El sonido de los tambores era el que más llegaba a su corazón. El ritmo sincronizado de las baquetas y la formación disciplinada de sus compañeros lo inspiraban a querer participar en la banda de guerra desde que entró a la primaria, pero él no tenía tambor; la escuela les prestaba tambores y trompetas para que ensayaran, y ya no había ninguno disponible; además, los que estaban en la banda de guerra eran niños con más experiencia, y sería muy difícil que cedieran su lugar hasta el año siguiente.
Aquel niño en verdad tenía la voluntad de tocar un tambor. Cada vez que veía y escuchaba la banda de guerra en los honores a la bandera, la piel se le enchinaba, como la de las gallinas, y sentía vibrar un sentimiento humano por su país.
Aprendió a tocar con unas baquetas improvisadas y unas latas grandes. El sonido no se igualaba al de los tambores, pero él tenía tal disciplina y el gusto por hacerlo, que al escucharlo se apreciaba su sentido del ritmo.
Los papás, al ver el entusiasmo de su hijo cuando tocaba el tambor, decidieron apoyarlo para que participara en la
banda de guerra. Si no hicieran falta tambores para la banda, no habría ningún problema; sin embargo, con la cantidad limitada, no sería justo quitarle el instrumento a otro integrante.
El niño llegó a un acuerdo con sus papás y el coordinador de la banda de guerra, él usaría sus ahorros y sus domingos para comprar un tambor y, cuando lo hiciera, podría participar.
A tan corta edad, ese niño aspiraba a uno de sus más grandes sueños que por más pequeño que pudiera parecer a los ojos de los demás, para él significaba mucho, poder comprar el tambor que necesitaba. No le fue difícil ahorrar la cantidad necesaria para adquirirlo; aunque en ocasiones privarse de otras compras parecía difícil, tuvo la firme decisión de seguir haciéndolo.
Un día, con el apoyo de sus papás y su perseverancia, compró el tambor que tanto le había costado. La emoción que lo embargó llenaba su rostro de felicidad y regocijo.
La primera vez que participó en la banda de guerra, sentía que había cumplido el mayor sueño de su infancia; una
lágrima rodó por su mejilla. Sus papás fueron a verlo en los honores a la bandera de su primaria; se sintieron muy
orgullosos de él, había aprendido a tocar sin un tambor y, ahora que lo tenía, cumplía su sueño.
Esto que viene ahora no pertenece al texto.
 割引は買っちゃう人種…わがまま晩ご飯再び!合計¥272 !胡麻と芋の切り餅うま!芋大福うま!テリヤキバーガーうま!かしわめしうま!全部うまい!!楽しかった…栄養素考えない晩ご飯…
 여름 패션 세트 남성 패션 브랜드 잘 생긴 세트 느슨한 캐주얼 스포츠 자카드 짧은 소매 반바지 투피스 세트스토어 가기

Con el paso del tiempo, el tambor se hacía cada vez más viejo, pero el sonido que transmitía al compás de las trompetas era el mismo que el de la primera vez.
Antes de que él saliera de la primaria, se alistaban los nuevos niños que entrarían a participar en la banda
de guerra y la misma situación se repetía: hacían falta tambores.
Al principio, el niño reconoció que ése era su tambor y, no tenía por qué donarlo a la banda de guerra; después
pensó en los momentos en los que se había sentido triste porque no podía participar y llegó a la conclusión de que
el objeto en sí no era lo más importante, sino la acción de participar y hacer lo que quería por medio de su tambor.
Él lo había disfrutado y deseó que los demás también pudieran hacerlo; miró a una niña triste, se acercó y le dijo
que ése era su tambor, que le diera el mejor uso y que lo cuidara. El niño esperaba que en un futuro ella hiciera la
misma acción que él y le donara su tambor a alguien que lo necesitara.
En el fondo, sabía que si las circunstancias no se hubieran dado, su sueño no habría sido tan especial. Si desde el principio hubiera habido tambores disponibles, no hubiera tenido la necesidad de comprarlo; pero él lo había conseguido con su esfuerzo y eso hacía que aquel objeto tuviera un valor muy especial, pues le había pertenecido y le había permitido cumplir su sueño.